▶ **TASK BRIEF**: Copy only what lies from the line containing "8月19日,在哈電集團哈爾濱電機廠有限責任公司的車間,工人在生產作業。新華社記者 王建威 攝" through the line containing "2024年上半年,我国医疗器械出口在历经" in the entries below, keeping both end lines exact and dropping every picture.

▶ **DATA PROVIDED**:
● ● ● ●

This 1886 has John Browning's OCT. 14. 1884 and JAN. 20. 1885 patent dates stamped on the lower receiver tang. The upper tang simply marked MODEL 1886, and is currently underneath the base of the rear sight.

● ● ● ●

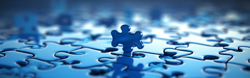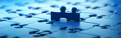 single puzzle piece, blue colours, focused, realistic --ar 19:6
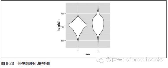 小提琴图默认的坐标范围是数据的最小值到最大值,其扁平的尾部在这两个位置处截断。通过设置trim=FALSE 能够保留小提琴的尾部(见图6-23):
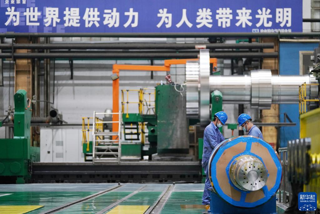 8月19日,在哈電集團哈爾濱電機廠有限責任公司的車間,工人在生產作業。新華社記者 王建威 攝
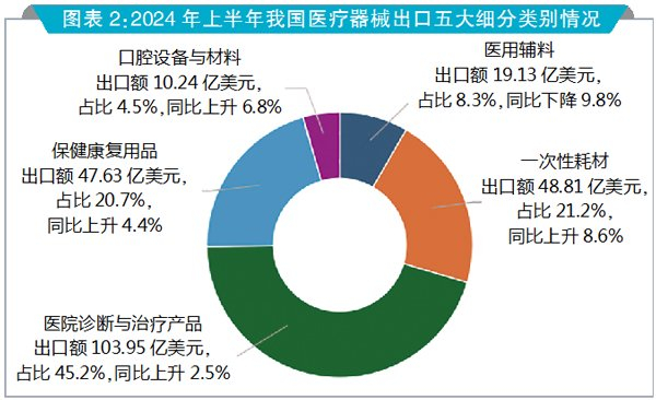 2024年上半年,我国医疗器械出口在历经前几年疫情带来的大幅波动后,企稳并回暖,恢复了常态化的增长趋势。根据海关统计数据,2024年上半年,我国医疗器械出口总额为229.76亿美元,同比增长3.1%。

● ● ● ●

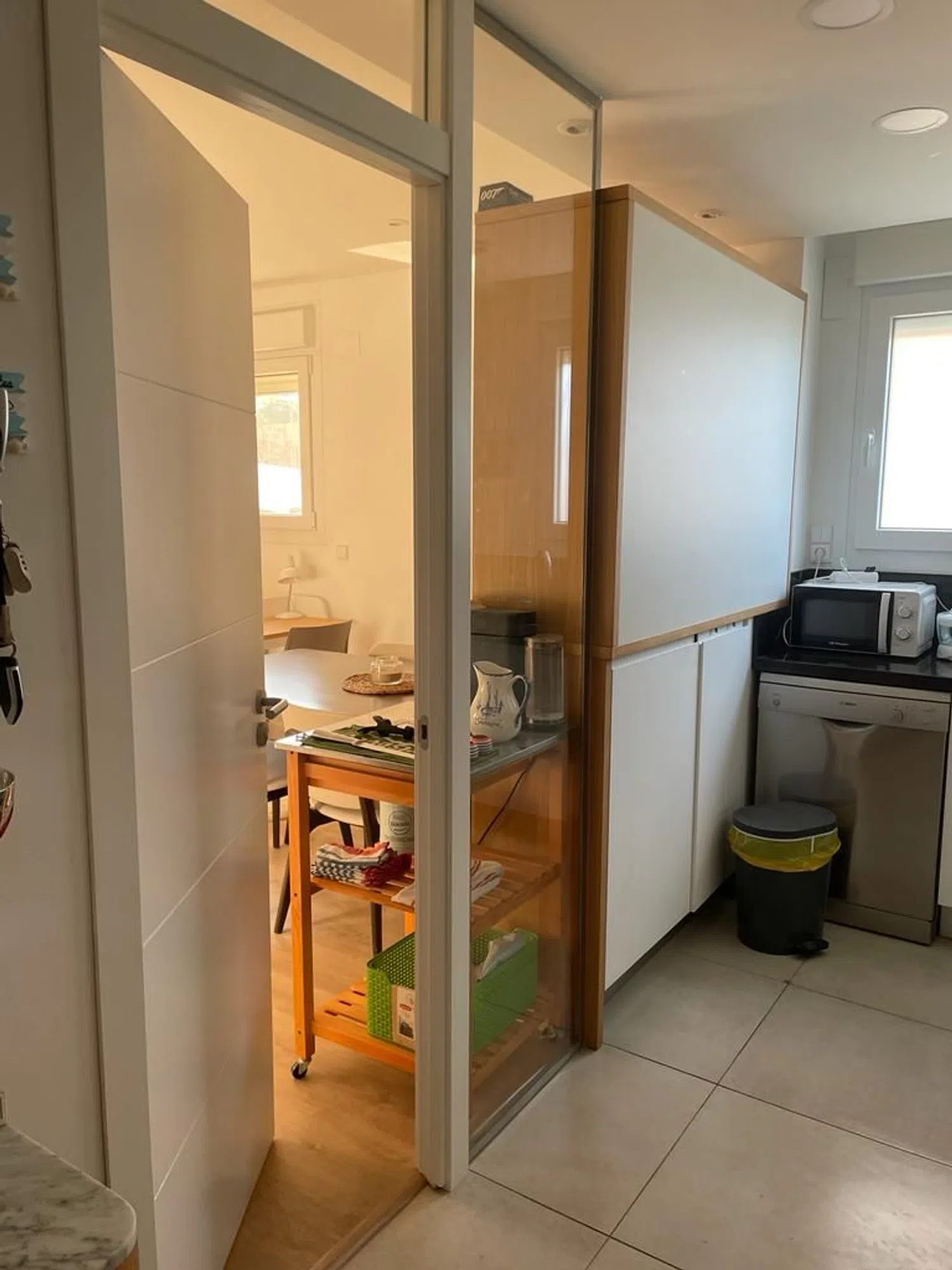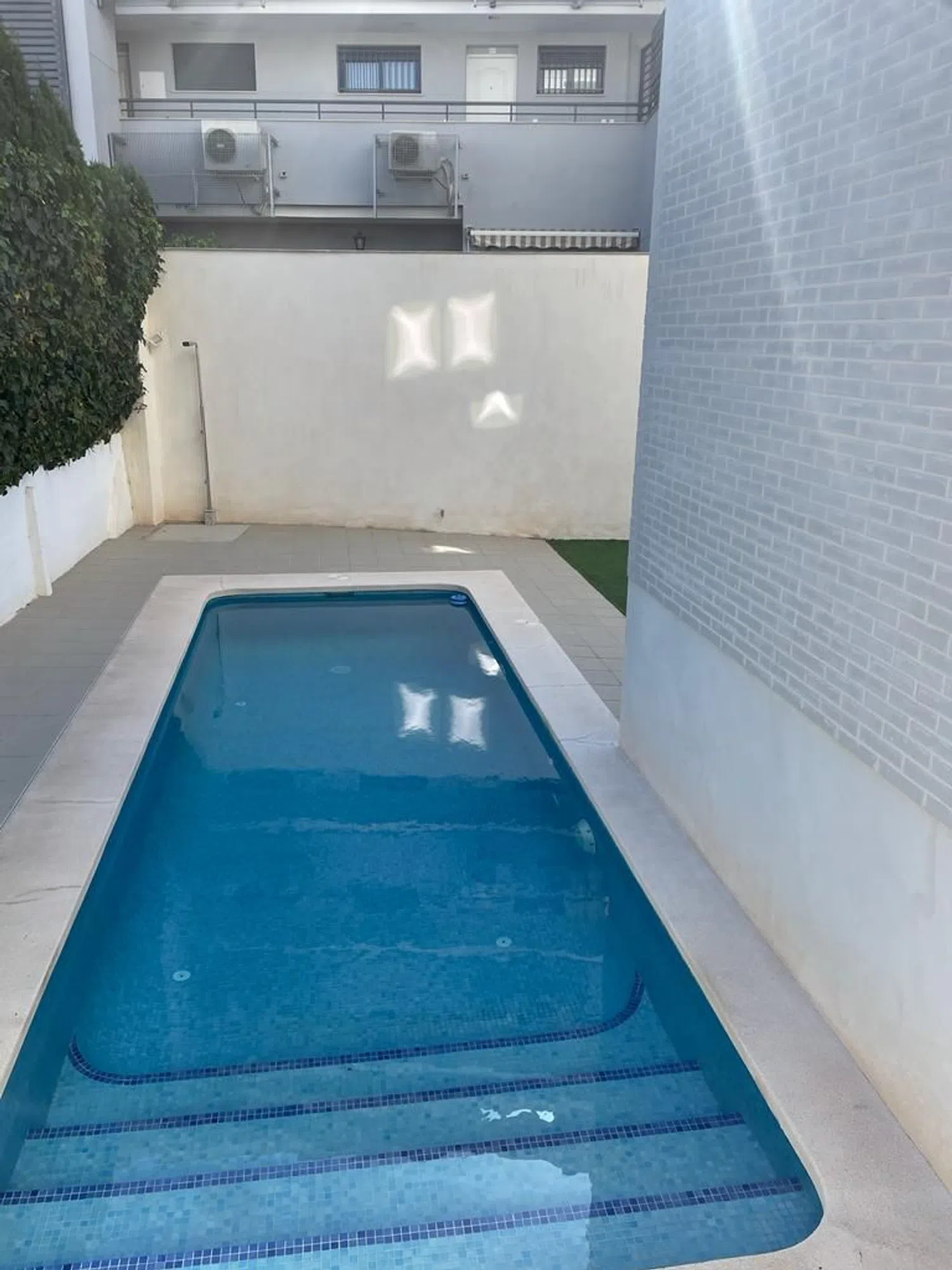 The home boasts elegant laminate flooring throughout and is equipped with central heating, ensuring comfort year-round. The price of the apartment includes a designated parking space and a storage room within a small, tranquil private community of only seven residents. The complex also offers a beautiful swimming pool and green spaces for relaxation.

● ● ● ●

▶ **SOLUTION**:
 8月19日,在哈電集團哈爾濱電機廠有限責任公司的車間,工人在生產作業。新華社記者 王建威 攝
 2024年上半年,我国医疗器械出口在历经前几年疫情带来的大幅波动后,企稳并回暖,恢复了常态化的增长趋势。根据海关统计数据,2024年上半年,我国医疗器械出口总额为229.76亿美元,同比增长3.1%。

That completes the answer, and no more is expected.